Federal Reserve officials appear unlikely to stop their controversial strategy of buying vast sums of Treasury bonds before the program is scheduled to end in June, based on minutes of the central bank's last policy meeting, released Tuesday.

Fed officials viewed the economic outlook as slightly improved at their Dec. 14 meeting, the minutes say. But it is clear that a moderately improved economy will not be enough to lead them to reconsider their Nov. 3 decision to buy $600 billion in Treasury bonds in an attempt to pump up economic growth.

"While the economic outlook was seen as improving, members generally felt that the change in the outlook was not sufficient to warrant any adjustments to the asset-purchase program," the minutes said, "and some noted that more time was needed to accumulate information on the economy before considering any adjustment."

Moreover, some members of the Fed's policy committee "indicated that they had a fairly high threshhold" for changing the program.

Also Tuesday, new economic data offered still more confirmation that the economic growth is strengthening. In November, factory orders rose 0.7 percent, the Commerce Department said, better than expected and rebounding from a 0.7 percent October decline. The strongest momentum was in orders for nondurable goods - those expected to last less than three years - for which orders rose 1.7 percent.

The Fed's bond-purchase program, which is intended to lower long-term interest rates and drive up the value of the stock market and other investments, drew a wide range of criticism after it was unveiled. Officials in China, Germany, and some other countries accused the Fed of trying to manipulate the value of the dollar. And many congressional Republicans assailed the move as setting the stage for inflation.

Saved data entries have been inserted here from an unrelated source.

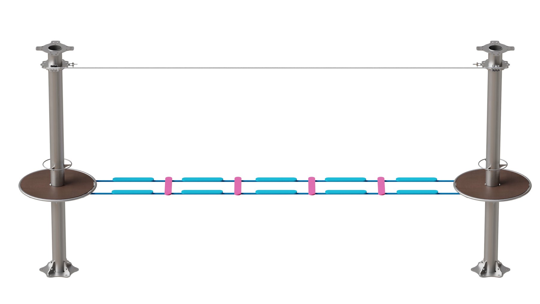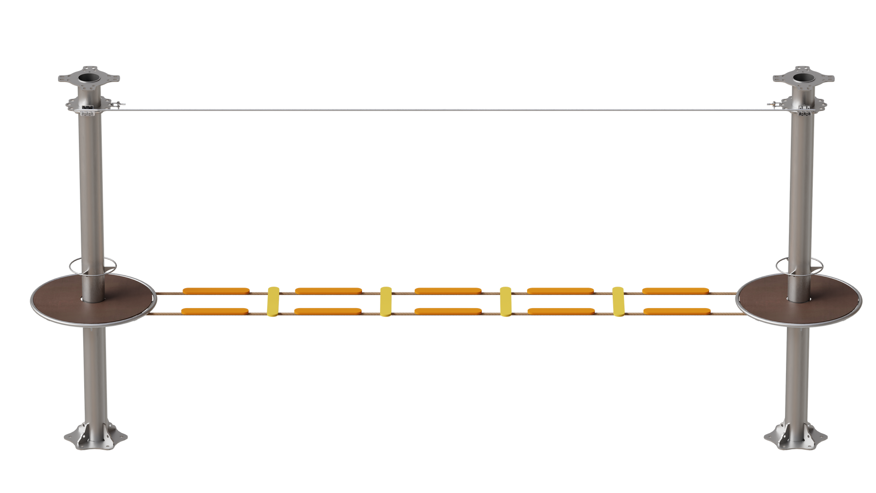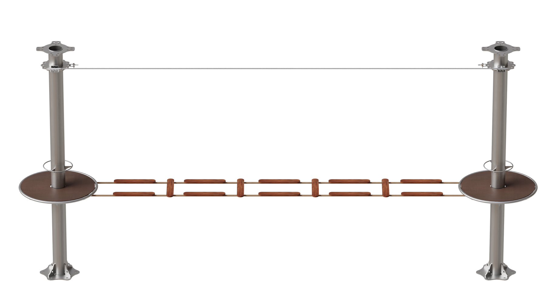 Juego diseñado para parques de aventura, compatible con estructuras de postes de acero o montajes en árboles. Disponible en longitudes estándar de 6 y 7 metros. Para dimensiones personalizadas, consulte con IMN. Anclajes incluidos. Estructura no incluida.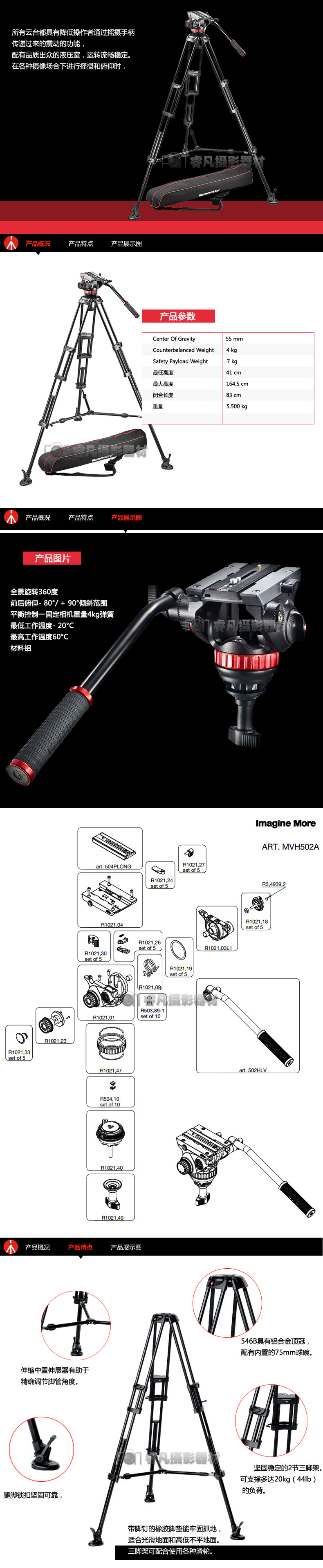Manfu Manfrotto MVH502A+546BK-1 Фотография камера камера штативы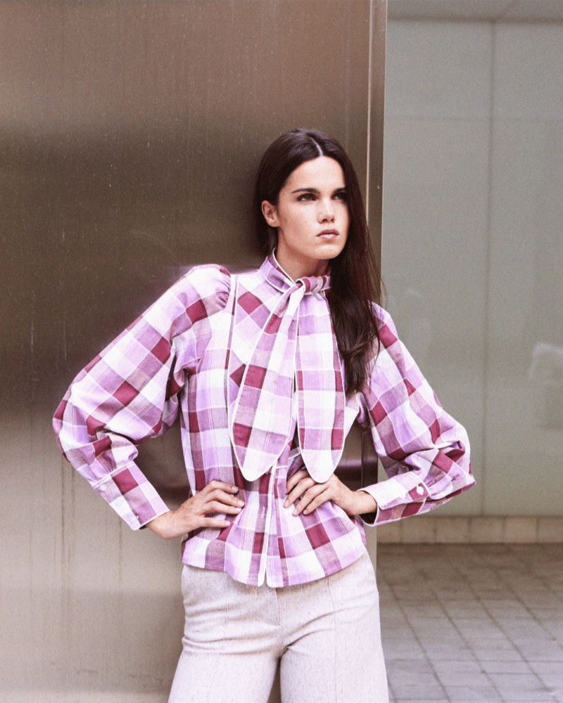 Camisa de cuadros en tonos granate, rosa y blanco con corbata y mangas abullonadas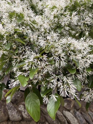 よく似たアメリカヒトツバタゴがありますが、葉が大きく(葉身長15cm前後)花の裂片がもっと細長いように思います。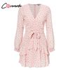 Unleash your inner fashionista with this Vintage Polka Dot Pink Ruffle Dress. Perfect for those who appreciate the charm of retro polka dot fashion, this dress combines timeless elegance with a flirty modern vibe. Its unique design features a mesh long sleeve, offering a peek of skin for a subtly sexy touch, while the layered mini robe style creates an alluring silhouette.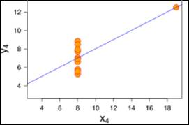 按照相关系数计算公式,x和y的相关系数比较高,原因是因为一个异常点的存在,如果去除掉这个异常值,则x和y没有相关性可言。但如果没有进行数据分布的分析(可以参考离群点检测的一些方法,这里不展开),则认为x和y是强相关了。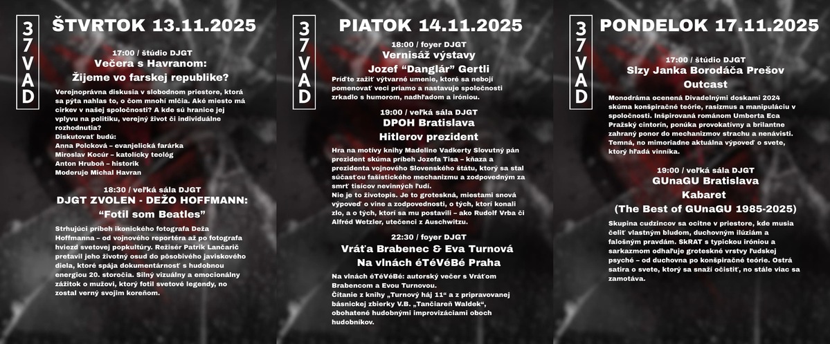Tento ročník má osobitý význam. Program silne reaguje na súčasné výzvy v spoločnosti i kultúre, pričom sa dotýka tém ako rozdelenie spoločnosti, historické traumy, polarizácia či ohrozenie kultúrnych inštitúcií. Festival si pripomína svoj vznik spojený s Nežnou revolúciou, ale zároveň prináša ostré a aktuálne kritické pohľady na dnešný stav kultúry a spoločnosti.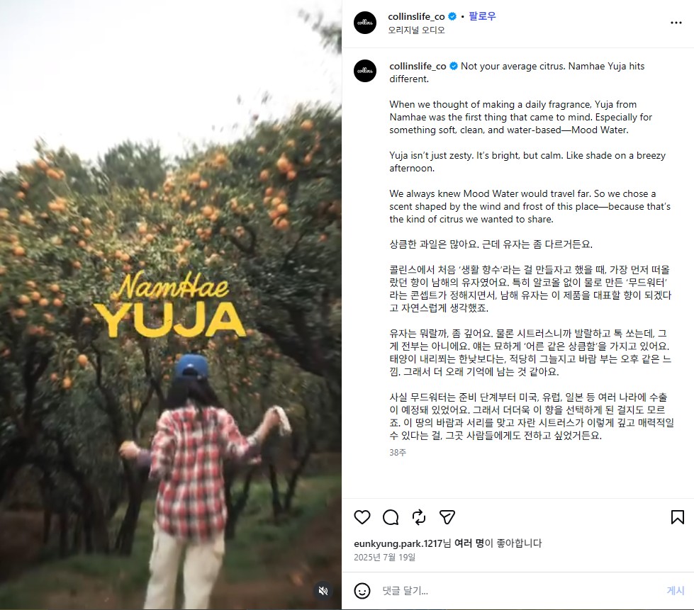 2) 콜린스는 제품을 만들어가는 과정을 브랜드가 아닌 '사람'의 목소리로 인스타그램에 공유합니다.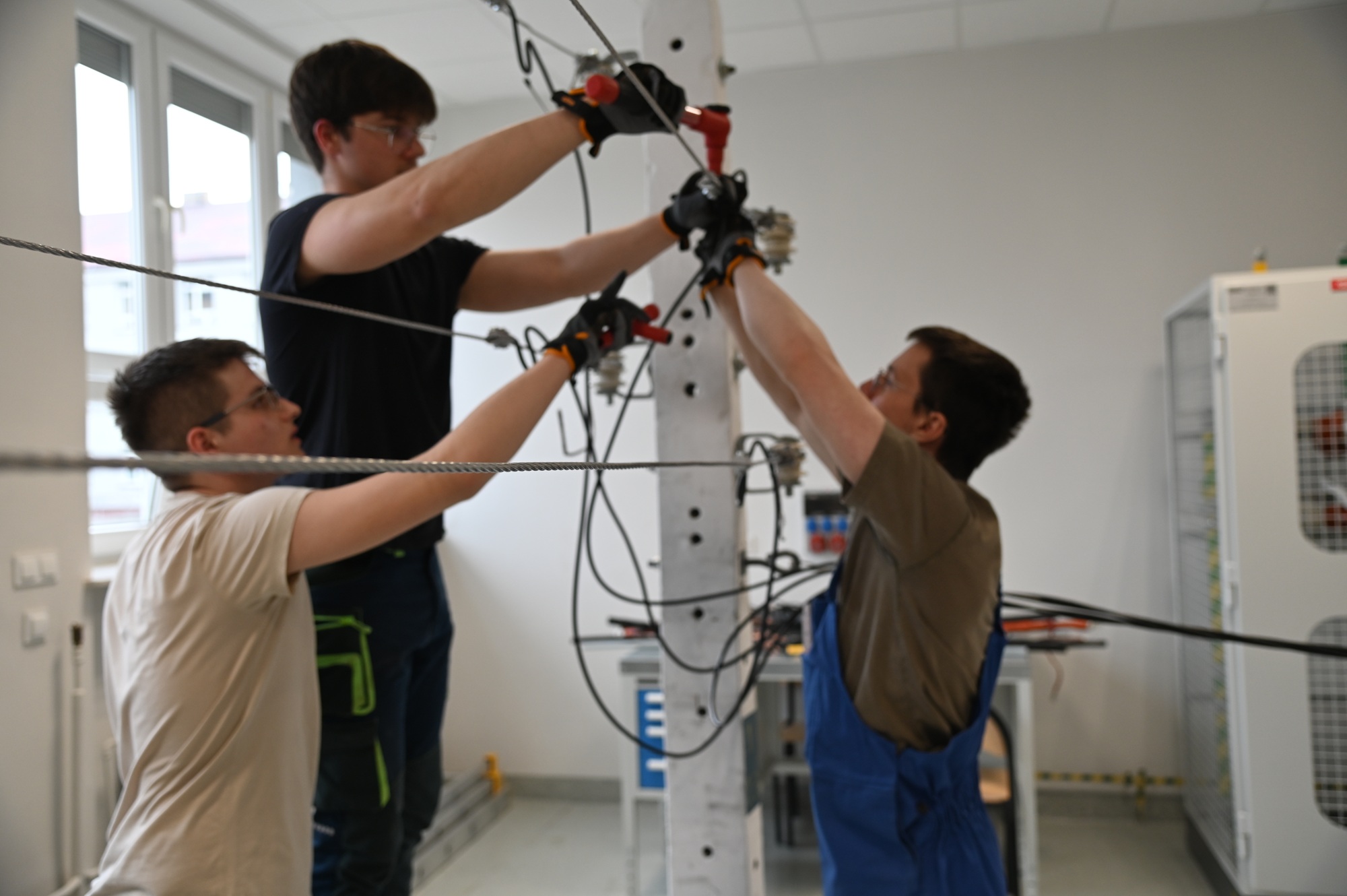 Zadanie realizowane było w warunkach pracowni dydaktycznej odwzorowującej rzeczywiste elementy sieci elektroenergetycznej, co znacząco podniosło poziom trudności i realizmu. Ocenie podlegały nie tylko aspekty techniczne, ale również organizacja pracy, estetyka wykonania oraz przestrzeganie zasad bezpieczeństwa.
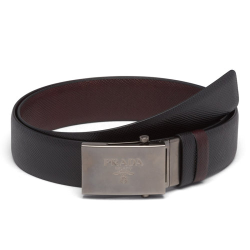 PRADA/普拉达 男士黑色/咖啡棕色摩洛哥皮革金属搭扣双面腰带35毫米2CM016_2FAD_F0XCR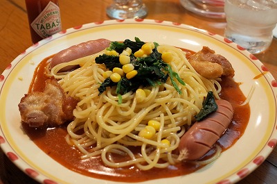 太麺を使いました。もっちりとして、美味しかったです。

But the minutes of the December meeting are a clear sign that, barring some shocking change in the performance of the economy or rise in inflation in the coming months, the entire $600 billion in bonds will be bought. However, analysts now think it is unlikely the Fed will launch a further round of bond purchases in June, given the improved economic outlook and the potential for more political blowback.

"The hurdle for ending QE2 early is high," said John Canally, an economist at LPL Financial, using shorthand for the bond-purchase program sometimes called "Quantiative Easing 2." "But the hurdle for QE3 starting in June is even higher, and today's minutes really reinforced that."

The program is intended to help the economy in large part by driving long-term interest rates down, but since its announcement, rates have instead risen. At the Dec. 14 meeting, Fed officials analyzed the range of reasons, one of them being that investors had concluded that further Treasury bond purchases by the Fed had become less likely.

They interpreted that as evidence that their program has been helpful.

"Because the backup in rates appeared to importantly reflect changes in investors' expectations about the size of Federal Reserve asset purchases, the backup was consistent with purcahses helping to keep longer-term yields lower than would otherwise be the case," the minutes said.

Fed officials were generally cautious in their outlook for the economy, seeing some improvement but growth that is still too slow. But "a few" Fed officials fear that growth could take off too rapidly, causing inflation, according to the minutes.

"Growth could pick up more rapidly than expected, particularly in light of the very accomodative stance of monetary policy currently in place," the Fed said.